Je suis réveillé par le soleil qui pénètre ma baie vitrée, j’ai un mal de crâne pas possible — la sensation qu’un marteau piqueur veut en sortir.

Mon réveille-matin me confirme l’heure : quinze heures trente.

Je pourrais flâner dans mon lit, en souriant que mon partenaire a pris la suite, mais à peine éveillé, ce n’est pas mon côté tyrannique qui revient, mais elle, et encore elle, et toujours elle. Je connais son emploi du temps sur le bout des doigts : à cette heure-là, elle est à son dernier cours de la journée. J’apprécie son audace à enchaîner études et p’tit job. Cependant, je me demande si elle n’essaie pas d’échapper à quelque chose. Rendre ses journées étouffantes au point de ne plus avoir le temps de se poser, en général ça ne présage rien de bon.

D’après l’endroit où je l’ai vue la première fois, je n’ai pas à m’interroger sur la caste à laquelle elle appartient.

Elle est consciente de l’effondrement de la planète, et cette unique information ancre en moi le besoin d’obtenir davantage d’informations sur elle. Quelles sont ses motivations ? ses pensées ? comment est-ce qu’elle parle ? car même si elle semble douce ce n’est qu’une simple pensée de la réalité. Et, je sais mieux que quiconque les dégâts que peuvent faire les illusions, avec elle, je veux du concret ! Du vrai !

Vautré dans le fauteuil de mon bureau, je fixe les portraits respectifs de mon grand-père et de ses sous-fifres. Si j'essaie de me convaincre quant à la raison pour laquelle je suis encore là, tout le reste ne sert qu'à donner un semblant d'intérêt à ma vie. Sauf ces derniers jours où je l'ai vue pour la première fois.
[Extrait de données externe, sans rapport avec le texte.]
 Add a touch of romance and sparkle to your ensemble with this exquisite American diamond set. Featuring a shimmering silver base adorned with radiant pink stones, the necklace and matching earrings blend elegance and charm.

Il y a quelques jours, j’ai pu tracer une croix rouge sur l’un des portraits. Mon géniteur a eu le malheur de se trouver sur mon chemin. Le coup du destin a frappé et pour une fois je me suis enfin dit qu’il y avait une justice. Lors d’une mission qui m’a été confiée, il était là, dos à moi, à quelque pas, en train d’échanger avec la cible que j’étais venu abattre. Il m’était servi sur un plateau d’argent : j’ai sorti mon SIG Sauer P320, je l'ai sifflé pour ne pas le descendre tel un fourbe et lorsqu’il s’est retourné, il n’a pas eu le temps d’implorer ma pitié. J’ai tiré une première balle qui lui a explosé sa gueule de pourri, la deuxième s’est logée dans celle du contrat.

Deux pour le prix d’un. Un rire de vengeance s’est déployé dans ma gorge. J’ai eu du mal à le calmer. Loïs, qui assistait en hauteur à la scène, n’a pas compris pourquoi j’avais tué le premier, puis, en voyant la victime, même avec le peu qu’il restait de sa gueule défigurée, il l'a reconnu. Cependant, il ne s’est autorisé à me poser aucune question et nous nous sommes occupés de faire disparaître les deux corps. Les jours qui ont suivi, je suis resté discret, à cause de la Brigade criminelle qui se démène pour attraper les criminels. Mon regard vacille entre les deux tête restantes sur les portraits et la boîte de psychotropes à plusieurs reprises. Ma mission de les tuer n’est donc pas terminée.